Today, companies face mounting pressure to demonstrate both speed and agility in an ever-changing and increasingly competitive environment. Information technology is seen as a critical enabler in adjusting to market shifts and threats and increasing customer expectations while evolving and improving offered services. For an organization to improve its capability to change the underlying systems supporting it must also change, and generally at a much faster rate to connect the past, present, and predicted future coherently with some degree of continuity. While the business focuses on charting a course from one change point to another on a timeline of services and market evolution, the computing infrastructure, and hapless engineering teams must deal with the only thing worst than change itself, and that is the transition period each of these points, moving from a discrete view of the world to one that is continuous and complicated. Not to worry, engineers believe they have everything pretty much figured out – make smaller changes but faster, much like a pilot in a fighter plane using the OODA loop to get within the loop of the enemy. Here the opponent is the business and engineering is proactively maneuvering and anticipating re-orientations as well as dictating the engagement. That is until the question is raised – how to observe and orient with an ever-growing big pile of low-level data hooked up to a bunch of dashboards.
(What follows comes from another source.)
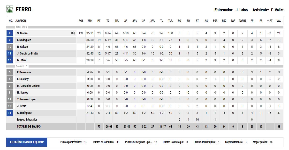 La nueva diferencia conseguida por la visita terminó de definir el partido, porque pese a que Ferro intentó achicar otra vez la brecha, finalmente fue victoria 81-75.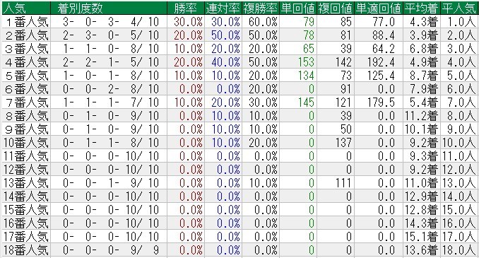 人気馬の成績はまあ平均的。1着はやや堅い傾向だが、2~3着のヒモ荒れは普通に狙える感じ。ただし、二桁人気の大穴は分が悪く、過去10年で3頭のみ。穴を狙うにしても6~10番人気くらいの中穴が吉。

The OODA loop places emphasis on two critical factors within an environment – time constraints and information uncertainty. The time factor is addressed by executing through the loop as fast as possible. Information uncertainty is tackled by acting accurately. The typical presentation of the model depicted below is popular because it closes the loop between sensing (observe and orient) and acting (decide and act). In the Observe phase, the focus is on data acquisition and information synthesis about the environment and the unfolding situation and interactions. The goal of the Orient phase, which follows the Observe phase, is to make sense of collected observations from an operational viewpoint. This understanding of the situation and potential scenarios that may follow on from this point in time is highly dependent on the level of expertise and experience of observers – situation assessors and decision-makers. The next step in the process is the Decide phase, in which information fed from the Orient phase determines the appropriate action(s). Finally, the Act phase is where the course of action decided upon earlier is implemented. The cycle repeats with further observations.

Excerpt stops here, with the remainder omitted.